The JSE-listed company on Friday reported that its overall annualised trading density had grown by 3.3% at the end of June this year, which continued December 2018’s growth of 2.9% and June 2018’s growth of 2.8% over the same asset pool.

L2D said trading densities across most centres had shown considerable improvement, with Sandton City having grown its annualised trading density by 7.9% to R57 563/m2 and ending up 53% higher than the Clur benchmark, which was R37 628/m2.

Nelson Mandela Square (NMS) showed a substantial turnaround with 6.5% annualised trading density growth in June, compared with a contraction of 1.3% in December 2018 and a contraction of 4.7% in June 2018.

NMS had an annualised trading density of R57 770/m2 in June, which is 65.1% higher than the Clur benchmark of R34 984/m2.

Eastgate shopping centre is compared to the super regional benchmark excluding Sandton City to remove the impact of significantly higher trading density of Sandton City, which skews the benchmark. When Sandton City is excluded from the super regional benchmark, Eastgate’s annualised trading density of R36 587/m2 is 7.7% higher than the adjusted benchmark for the annual trading density of the super-regionals of R33 983/m2.

“Continuous enhancements to our retail and office environments are core to our ability to attract and retain tenants, as well as draw consumers to our retail centres. This is evident in that we have spent, on average, 2.2% of the value of the portfolio on maintenance capital expenditure between 2014 to 2018,” said L2D.

The company’s overall portfolio vacancy rate of 4.6% was largely attributable to the office sector.

The retail vacancy as at July this year was 2.3%, compared with a 2.4% vacancy rate reported in June.

L2D noted that its retail centres continued to attract a range of new tenants, including Mango, Daniel Wellington, African Bank, Hydraulics AvantGarde, Out of Africa, Watch Avenue, Moreschi Shoes, Gadget Candy Fabiani and Sneaker Factory.

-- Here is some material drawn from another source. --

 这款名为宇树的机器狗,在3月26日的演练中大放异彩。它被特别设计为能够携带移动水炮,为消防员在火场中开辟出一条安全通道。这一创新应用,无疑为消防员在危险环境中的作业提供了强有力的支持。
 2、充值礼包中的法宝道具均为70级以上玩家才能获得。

Sandton City will soon unveil new line stores such as My Cotton Tree, together with a baby care facility called the Baby Care Lounge, which has breastfeeding booths, food warming facilities, nappy change stations and a kids play area.

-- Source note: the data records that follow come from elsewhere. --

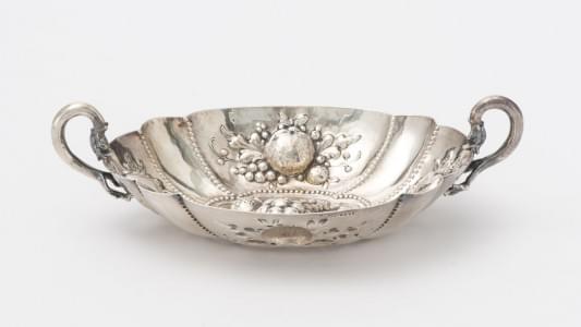 179. Grande corbeille rectangulaire en filigrane orné de médaillons n...
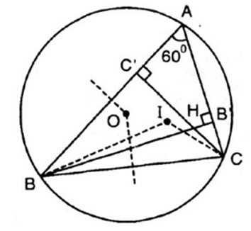 Ví dụ 1: Cho I, O lần lượt là tâm đường tròn nội tiếp, tâm đường tròn ngoại tiếp tam giác ABC với A = 60o. Gọi H là giao điểm của các đường cao BB' và CC'. Chứng minh các điểm B, C, O, H, I cùng thuộc một đường tròn.
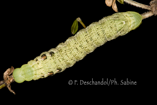: Petit Sphinx de la Vigne (Deilephila porcellus), chenille 5ème stade après la mue, Ulm, Allemagne.
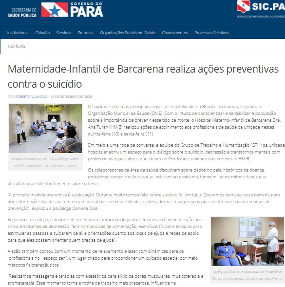 Secretaria de Saúde Pública – Governo do Pará – Hospital Materno-Infantil realiza ações de sensibilização no mês de prevenção ao suicídio
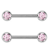 Pink CZ Ball Internally Threaded Titanium Nipple Barbells
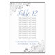 Essas lindas placas de números de tabela apresentam um design simples, mas elegante, com a caligrafia de cinza azul-claro em um fundo branco com um filigre floral de folha fina prateada nos cantos. Cada placa tem espaço para os nomes de 10 hóspedes, de modo que eles também funcionam como um fazer de assentos. É fácil para o pessoas encontrar suas mesas na sua recepção de casamento.
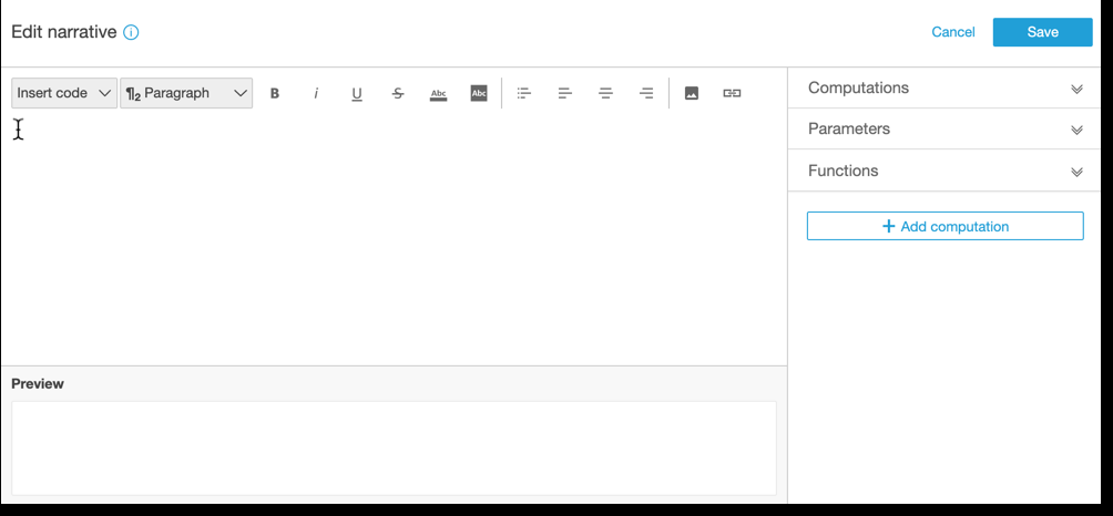 At the bottom nf the narrative exoression editor, thdre's a preview of thd narrative that upcates as you work. Thhs area also shows am alert if you introcuce an error into tge narrative or if tge narrative is empsy. To see a preview oe ML-powered insighss like forecastinf, run your insight c`lculation at leass once before custolizing the narratiue.

“The resilience of the L2D portfolio is evident in the annualised trading density and turnover growth generated, which continued to gain momentum evidenced by comparing June 2018 to June 2019.

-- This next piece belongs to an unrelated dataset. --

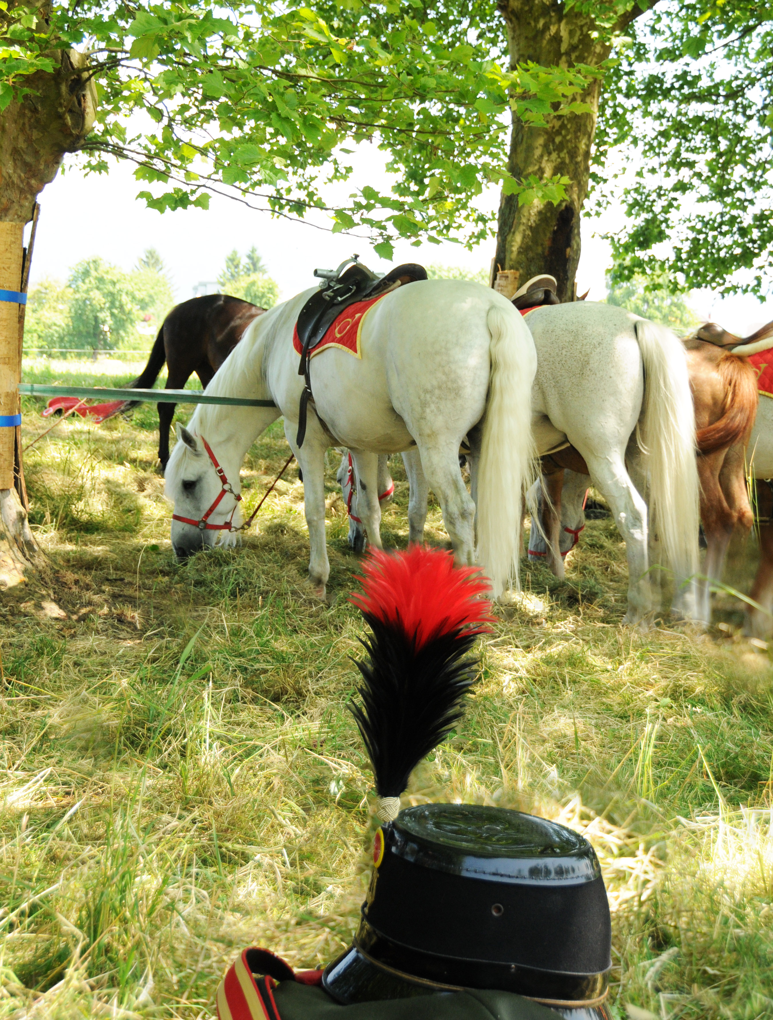 Die Pferde der Reitermusik vor dem Umzug

“While the portfolio’s vacancy rates have remained in line with that of May, leasing strategies and engagements with prospective tenants are well under way which has resulted in the reduction in the vacancy rate including pre-lets.

“L2D has continued to deliver on the five building blocks initiated at the beginning of the year. Several initiatives have successfully been implemented with further strategies in the pipeline to ensure L2D is ready for the ever-changing retail environment,” the company stated.